__Problem details__:
Once you find the line containing "Home / Antique", set down exactly that line and every one after it through the end of the listing below, with both ends included and any pictures omitted.

──────────

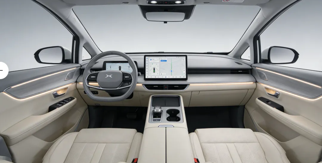 你看它这个侧面,悬.浮式车顶,隐藏.门把手,然后那个.平直的腰线,一条拉到底,很干净。我.个人是比较.喜欢这种.克制一.点的设计,不花里胡哨。但是前脸还是.小鹏家族那一套.贯.穿灯带,说实话,有点熟悉到没新鲜感了。明明可以在.旗.舰上再突破一.点,对吧?不过气场是有的,停在.那.儿就.是一个大.块头。
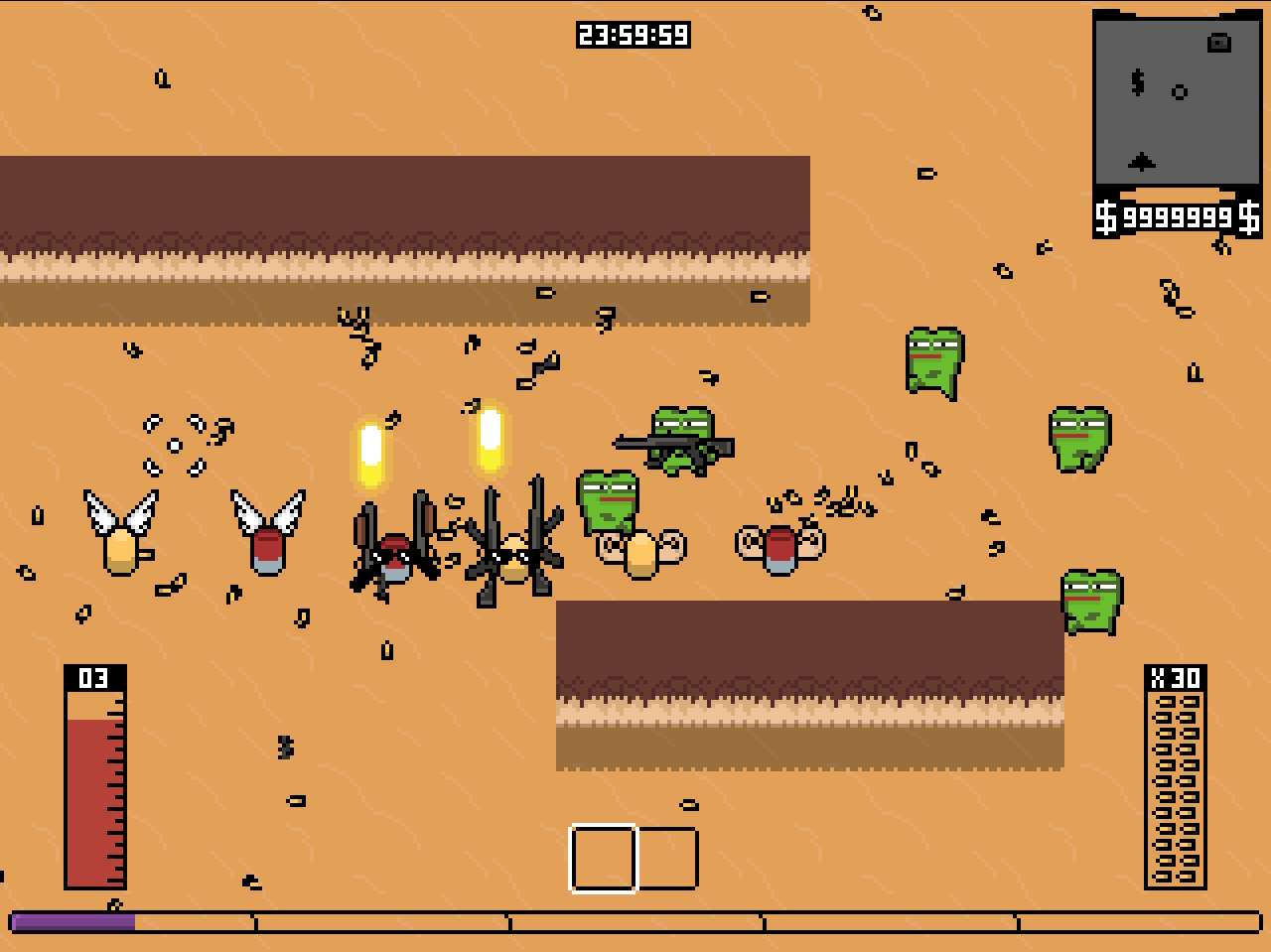 Апдейт моего говна: 1. Сделал брызги менее ебущими глаза. 2. Добавил медленно восполняющееся слоу-мо для каличей (но морковку, если использовал замедление для прохождения - не дают, так что и неосиляторы поиграть смогут, и доп. испытания для трайхардычей есть). 3. Патроны подбираются с большего расстояния, теперь мимо пролететь - надо постараться. 4. Добавил вентиляторы, которые действуют как джамп-платформы. 5. Добавил снаряды-пугачи, которые практически не наносят дамага на расстоянии, но толкают танк в сторону, куда смотрит дуло. 6. Добавил бронебойные-подкалиберные, которые наносят в десять раз больше урона, и в то же время подкидывают машину в воздух на небольшую высоту. 7. В общем апнул стабильность внутренней логики, всякие менюшки причесал и т.д. Но игры по-прежнему нет. Даже обучающие до конца не доделал. Хз, чё будет в финальной версии если Димас не даст один-два доп.дня по традиции. 28 лет-с нyльчика-кун
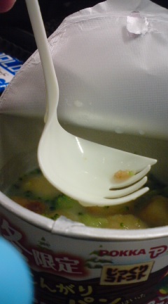 ホワイトポタージュを食べようと、スプーンを突っ込んで熱湯を注いだ。
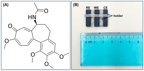 In this work, we exploited the advantages of FDM in the fabrication of a miniaturized and fully integrated 3D-printed device, which was applied for the first time to the voltammetric determination of Colc. The 3D-printed device was printed in a single step using a dual extruder 3D printer, and it was composed of three electrodes (printed by a carbon black–polylactic acid (CB/PLA)) filament and a holder (printed by a PLA filament) (Figure 1B). The 3D-printed device can be considered a ready-to-use sensor as it integrates the working, counter, and reference electrodes (WE, CE, and RE, respectively) and does not require any modification step with materials for the voltammetric determination of Colc. The developed voltammetric method was successfully applied to the analysis of pharmaceutical tablets and human urine.
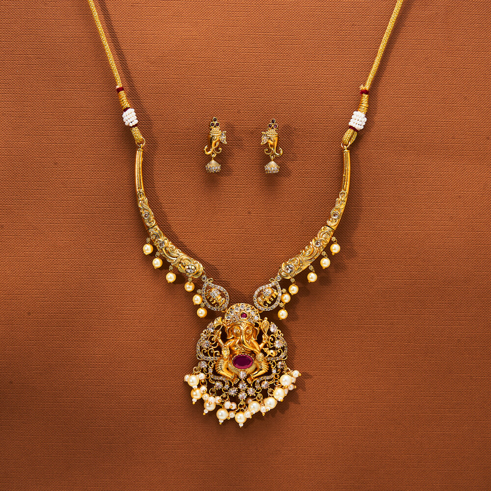 Home / Antique Necklace / antique temple necklace with matte gold plating
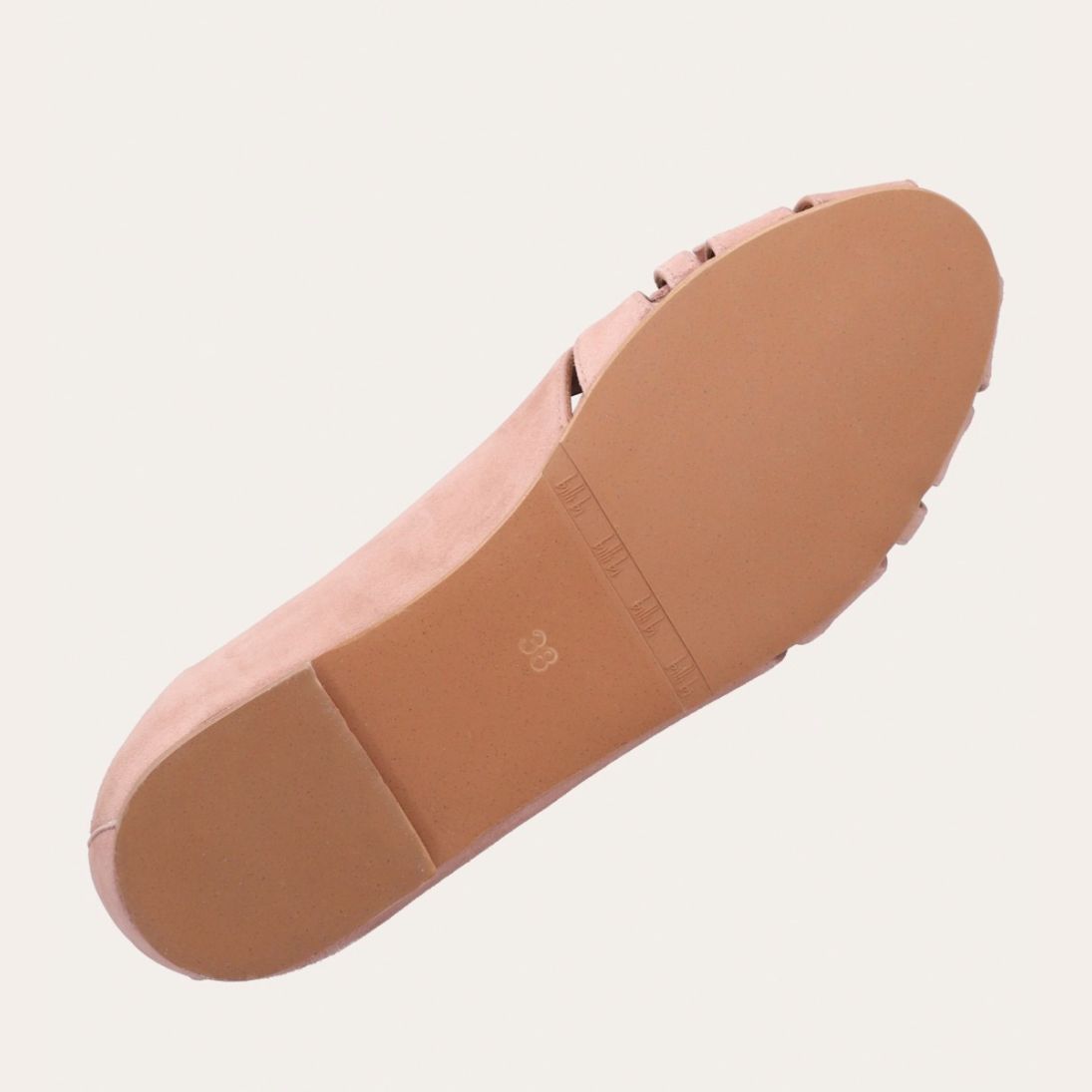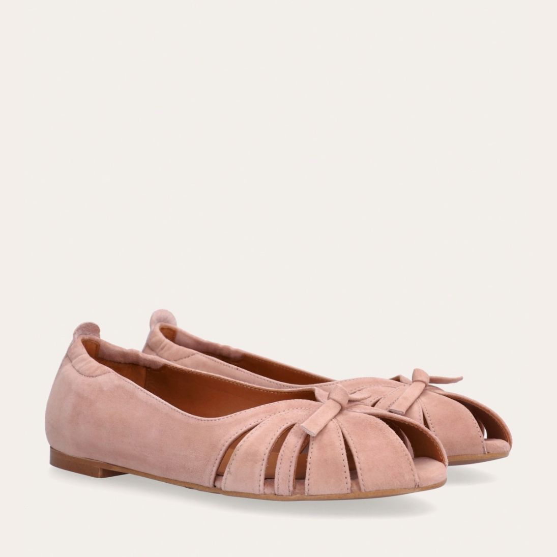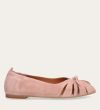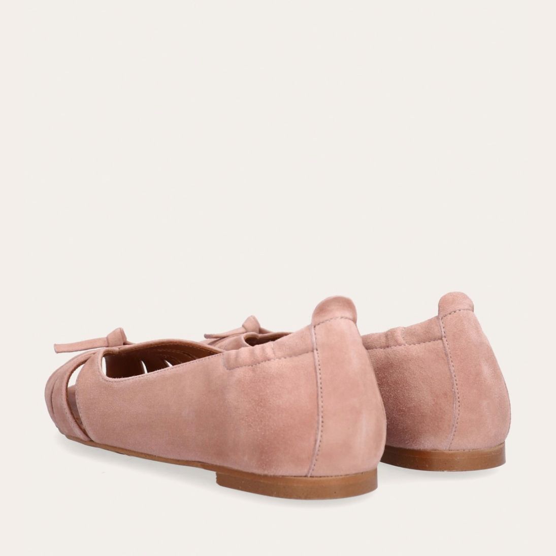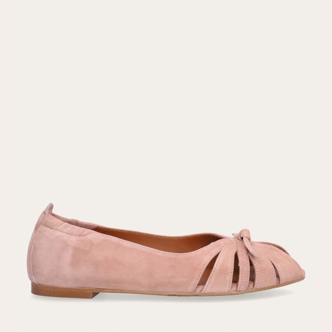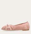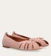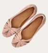 Håndlavet ballerina udført i lyserødt ruskind. Ballerinaen er designet med en dekorativ knude detalje foran, samt en åben-tå.
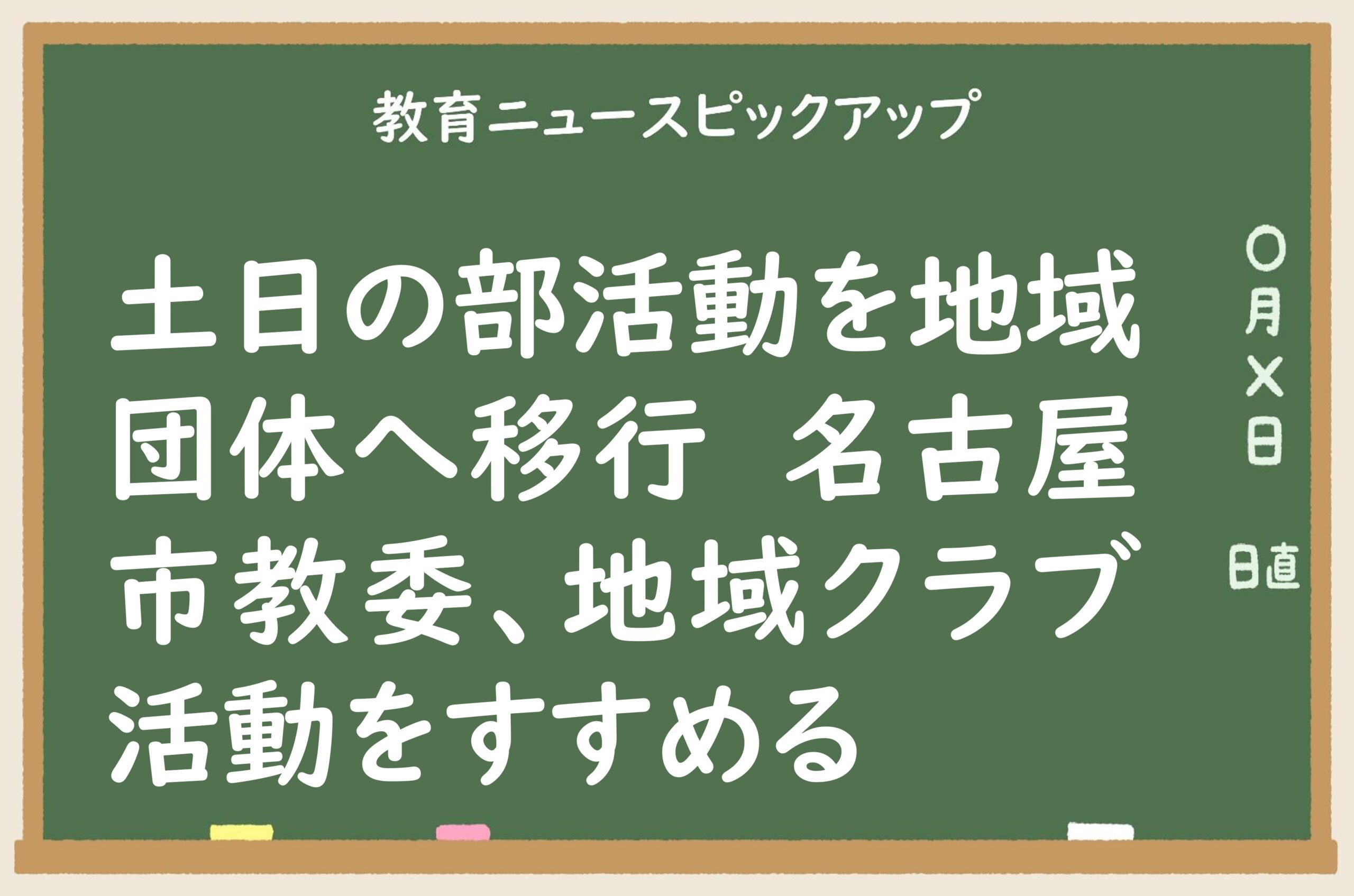 名古屋市教育委員会は2025年10月から、市立中学校の土・日曜の部活動を原則廃止し、地域団体(地域クラブ活動)への移行を始めました。 地域クラブ活動の実施主体となる団体等とし...
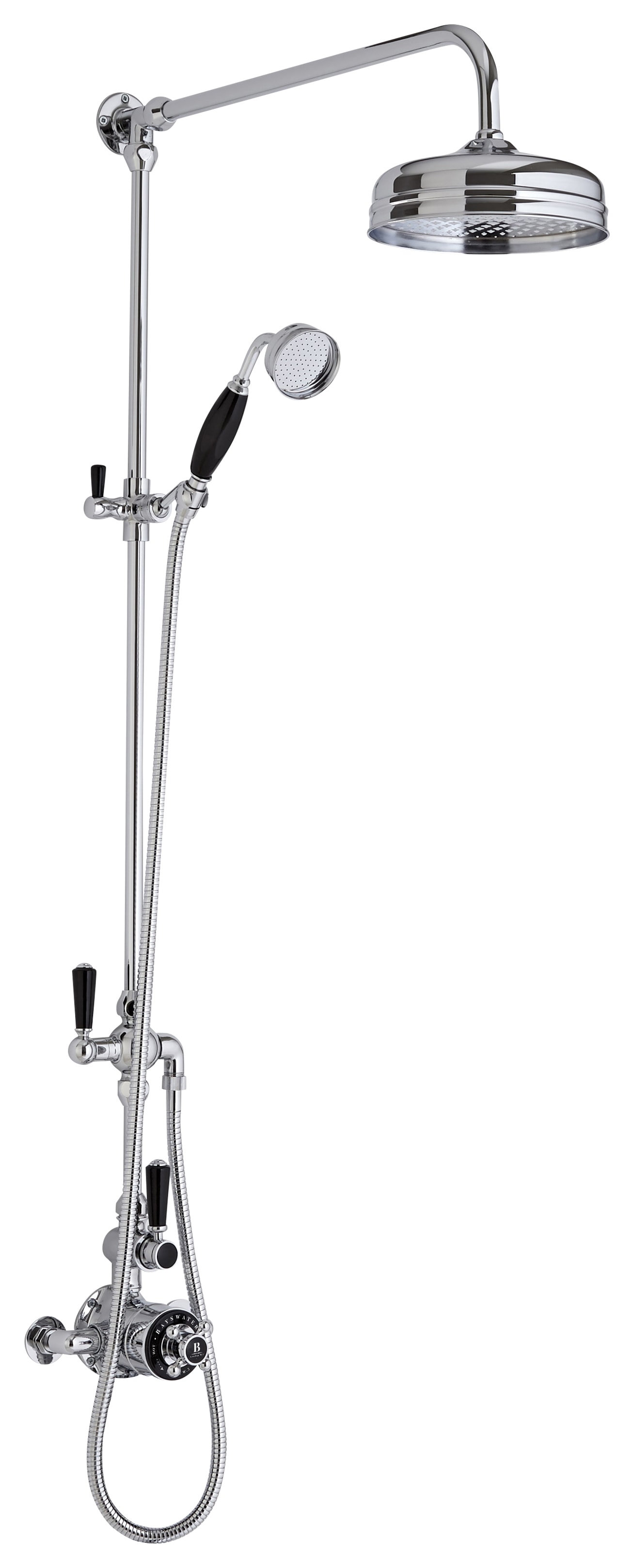 Bayswater Grand Riser Mixer Shower Kit with Exposed Valve - Black & Chrome

──────────

__Answer__:
 Home / Antique Necklace / antique temple necklace with matte gold plating
 Håndlavet ballerina udført i lyserødt ruskind. Ballerinaen er designet med en dekorativ knude detalje foran, samt en åben-tå.
 名古屋市教育委員会は2025年10月から、市立中学校の土・日曜の部活動を原則廃止し、地域団体(地域クラブ活動)への移行を始めました。 地域クラブ活動の実施主体となる団体等とし...
 Bayswater Grand Riser Mixer Shower Kit with Exposed Valve - Black & Chrome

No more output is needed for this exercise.